Jean (Windsor) Sherwood

 OTHER PROFILES 

Jean Sherwood, BA, MA
Surname as Student: Windsor
Education: United Church Training School
Graduation Year: 1959
Designated: 1959
Denomination: United Church of Canada
  • 1931 - Born
  • 1959 - Graduated

MINISTRY HISTORY
  • 1959-1963: WMS, Alford House, Hong Kong
  • 1964: Furlough

 
Do YOU have a picture? If so, please contact us (see Contact and About Us)

Jean Windsor first went to the United Church Training School (UCTS) in 1951-52 as a “Canada 3” student. (See photo of grad) These students took 8 months of training and then had to commit to working for the church for the remainder of a 3 year commitment. Jean was sent with the board of Home Missions to Saint John, NB, where she was for 16 months and then for the remainder of the time as Girl’s Secretary for Maritime Conference. While she there she met Garnet “Red” Sherwood; he was the Boy’s Work Secretary. They became good friends.
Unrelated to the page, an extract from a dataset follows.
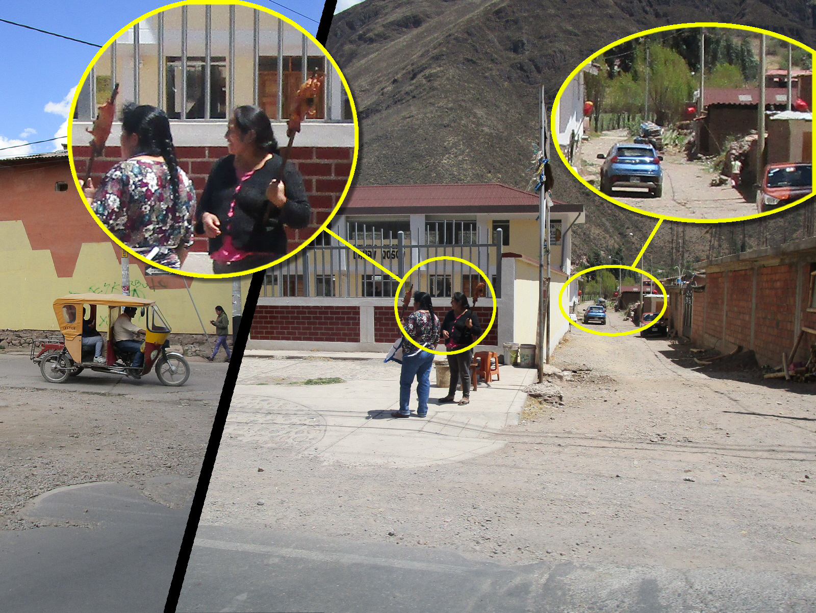 Driving through the small local towns, most people get around in Tuk Tuks -- a practical 3 wheel vehicle common here. These towns typically have a paved 'main' street with dirt roads for side streets. Locals sell roasted or fried guinea pigs on a stick on the street corners (a popular food here) -- and makeshift 'bars' called chicherias sell a traditional home brewed 'beer', often in the front room of someone's home. The houses selling the chicha beer are marked only by a broomstick with a red bag or balloon at the top (look down the side street, or click the picture for an enhanced view).

Jean then went to work as Christian Ed Director in Moncton, New Brunswick and in 1958 she returned to the UCTS to complete her second year. She had always intended to go back and finish, and she wanted to go overseas. She was designated a Deaconess and commissioned by the Woman’s Missionary Society in 1959 and went to Hong Kong. After 2 years of language training she began youth work in Hong Kong with the Council of Churches. In 1965 she returned to North America for furlough and did a Master’s degree in Christian Education at Union, in New York. She also decided to marry and in 1966 she and Red got married. They served together in Hong Kong, although he was the only one paid, but she was appointed too. They had two sons and while they were young she was pretty much full time parent but she also worked in church work. In 1979 they retired and returned to Canada. Red is now deceased. She did not lose her diaconal status, she doesn’t really know why, because she thought it was the rule that if you married you were out, but because she was appointed as a missionary she assumed she was continued in the order. She didn’t have much connection with the Order. She remembers in 1959 that Stephen Mathers, Chairman of the Deaconess Committee and Tina Campion, the Secretary of the Order, came to visit her class at UCTS and told them about the disjoining rule and she was aghast.

Jean is now living in Penticton, BC, and is active in the church there.